Monitoring groundwater flow and chemical and isotopic composition at a demonstration site for carbon dioxide storage in a depleted natural gas reservoir
Highlights
► The CO2CRC injected >65,000 tonnes of CO2-rich gas in a depleted gas reservoir. ► Groundwater levels and composition were monitored for about 5 years in two aquifers. ► Most hydrochemical parameters were statistically similar before and after injection. ► Where water composition did change, trends are not consistent with a CO2 addition. ► Groundwater quality was not measurably affected by the CO2 storage experiment.
Introduction
Sequestration of atmospheric CO2 in geological formations is recognised as one of several key methods able to reduce greenhouse gas emissions to combat climate change (e.g., Pacala and Socolow, 2004, Oelkers and Cole, 2008).
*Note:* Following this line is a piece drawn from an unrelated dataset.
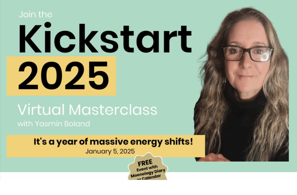 The poster grabs attention with “Kickstart 2025,” highlighting relevance and timing. Featuring Yasmin Boland adds credibility, the “massive energy shifts” hook intrigues, and the free incentive plus speaker photo boost trust and sign-ups.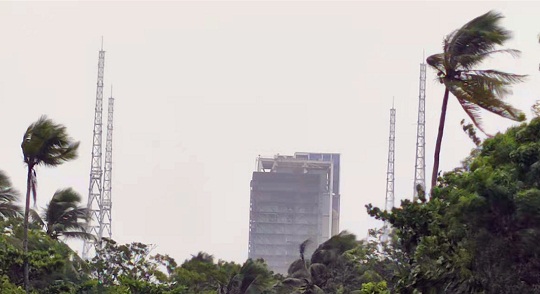 據(jù)悉,早在臺風(fēng)“獅子山”來臨前,發(fā)射場科技人員就開展專題討論,制定應(yīng)急預(yù)案,組織各系統(tǒng)崗位落實(shí)設(shè)備設(shè)施防臺風(fēng)措施,對室外設(shè)備進(jìn)行加固,加班加點(diǎn),提前完成了發(fā)射塔架回轉(zhuǎn)平臺打開、長征七號活動平臺進(jìn)入垂直總裝測試廠房避風(fēng)等大項工作,有效保證了臺風(fēng)期間發(fā)射塔架和活動平臺的安全。

Injection of fluids, including CO2, in subsurface strata has a long history, for instance for Enhanced Oil Recovery (EOR) and/or for CO2 storage, e.g., at Sleipner in the Norwegian sector of the North Sea (Korbøl and Kaddour, 1995), or at Weyburn in western Canada (Wilson and Monea, 2004).
To permanently store CO2 in geological formations requires (1) a porous and permeable injection unit, (2) an overlying sealing unit, and (3) mechanisms to lock in the CO2 (e.g., structural/stratigraphic, residual, solubility, and mineral trapping) (Holloway, 2001, IPCC, 2005, Benson and Cole, 2008). If CO2 leaks up from an intended storage unit, it could potentially reach overlying aquifers where it would interact with the groundwater and change its chemical properties; thus groundwater monitoring is important not only to establish baseline conditions but also to demonstrate whether these conditions have changed over time or not, and why.
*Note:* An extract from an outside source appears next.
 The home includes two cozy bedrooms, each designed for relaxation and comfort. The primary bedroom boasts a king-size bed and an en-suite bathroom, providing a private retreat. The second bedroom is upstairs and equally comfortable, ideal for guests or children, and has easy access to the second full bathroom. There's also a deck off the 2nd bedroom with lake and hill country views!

In the Cooperative Research Centre for Greenhouse Gas Technologies (CO2CRC) Otway project, 65,445 tonnes of a CO2:CH4 (∼75:21 mol%) gas mixture were injected into a depleted natural gas reservoir, the Waarre C unit, at ∼2 km depth between March 2008 and August 2009 (for more details, see Underschultz et al., 2011, Jenkins et al., 2012). The gas originated from the nearby Buttress 1 well (Fig. 1), and was injected into the purpose-drilled CRC 1 well. In the Waarre C unit, the injected CO2 moved up-gradient into the structural trap (that previously held the natural gas produced at Naylor 1 well; see Fig. 1) as demonstrated by geochemical (e.g., Boreham et al., 2011) and geophysical (e.g., Jenkins et al., 2012) verification techniques. Assurance monitoring was established well before injection started in order to demonstrate the ongoing integrity of the environment through the absence of injected CO2 in the overlying aquifers, soils, or the atmosphere (Sharma et al., 2007, Hennig et al., 2008). Both verification and monitoring activities at the Otway site have been described in Jenkins et al. (2012). Groundwater monitoring at over 20 bores (see below) within a 10 km radius around injection well CRC 1 started in June 2006 and continued until March 2011 at a roughly 6-monthly interval (annual monitoring is expected to continue for some time thereafter).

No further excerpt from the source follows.